ICC spokesman Beth Bosch said railroads are not required to install pedestrian gates. Communities must request them through the ICC, and sometimes funding is available to help pay for it, she said. There are 400 pedestrian crossings in the state, but Bosch did not know how many had pedestrian gates.

Back in 1992, when Doria unsuccessfully filed a lawsuit to get pedestrian gates installed at the scene of her son’s accident, it would have cost $3,000, Doria said.

She wonders how many children have to be killed or injured before safety measures are taken.

And even though she never got the gates, Doria believes her son did not die in vain.

She told the story of Jim, a Wisconsinite who was passing through Blue Island that November afternoon on his way to Indiana when he was stopped by that freight train. He saw the commotion, and went over to the ditch where he found Jeffrey bloodied and barely conscious. According to Doria, he gathered Jeffrey in his arms and looked into his eyes.

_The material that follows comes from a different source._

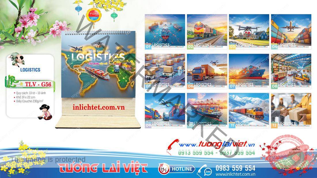 Lịch gỗ để bàn Logistics là món quà Tết hoàn hảo dành tặng đối tác, khách hàng, đồng nghiệp và người thân nhân dịp năm mới. In lịch để bàn khung gỗ được In Lịch Tết Tương Lai Việt thiết kế phong phú về chủ đề với những hình ảnh về Phong cảnh, Du lịch, Bon sai, Chữ thư pháp, Hoa sen, 12 con giáp, Phong thuỷ tài lộc, Những ngày yêu thương, Quà tặng cuộc sống, Lời hay ý đẹp, Danh ngôn cuộc sống, Thuận buồm xuôi gió, Logistics, …

“He had the most beautiful eyes,” she recalled Jim telling her. Jim tried CPR, and told Jeffrey he wanted to trade places with him. Then, despite the cloudy day, Jim told Doria that a “bright light” surrounded them as he held Jeffrey and he felt “tremendous heat” pass through his chest and out his back as he held Jeffrey. He wanted to accompany the paramedics to the hospital but was told he could not.

Doria stayed in contact with Jim for years after the accident, and learned that he had been contemplating suicide that day — before he met Jeffrey. He has since received counseling to deal with his issues.

It’s one of many stories Doria will detail in her yet untitled book.

“I’m a firm believer that everything happens for a reason,” she said. “Jeffrey could not leave this life without doing one last bit of good. I believe his soul passed through Jim that day.”